= Petite Saline Creek =

Stream in Moniteau and Morgan counties, Missouri, US

Petite Saline Creek is a stream in Cooper, Moniteau and Morgan counties in the U.S. state of Missouri. It is a tributary of the Missouri River.

The stream source area is along the Morgan-Moniteau county line just north of U.S. Route 50 two miles east of Syracuse and three miles west of Tipton at and at an elevation of about 920 feet. The stream flows north into Cooper County crossing under and flowing parallel to the west side of Missouri Route 5. The stream turns east again crossing under Route 5 just south of Billingsville. The stream flows generally east passing under Missouri Route 87 southeast of Boonville. The stream continues east to southeast passing under Missouri Route 179 south of Wooldridge. The stream enters the Missouri River bottom just south of Wooldridge in eastern Cooper County and the confluence with the Missouri is in the northern corner of Moniteau County across the river from McBaine at and an elevation of 564 feet.

At what was then called Wilkin's bridge, there was a skirmish during the American Civil War on October 13, 1864, between the troops of the 5th Regiment, Missouri State Militia Cavalry, and the troops of General Fagan, who were guarding the bridge, during Price's Raid.

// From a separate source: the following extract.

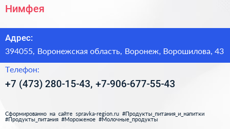 Нимфея по адресу 394055, Воронежская область, Воронеж, Ворошилова, 43 в дальнейшем Организация, размещена в следующих категориях:

Petite Saline Creek was so named for the salty character of the little creek.

Lewis & Clark passed by on June 6, 1804, and made mention of this creek in their journals. ‘Passed the mouth of a creek called ‘saline’ or ‘salt’ creek. This river is about 30 yards wide and has so many licks and salt springs on its banks that the water of the creek is brackish. One very large lick is 9 ms up on the left side. The water of this spring is strong. So much so, that it is said one bushel will make 7 pounds of good salt.”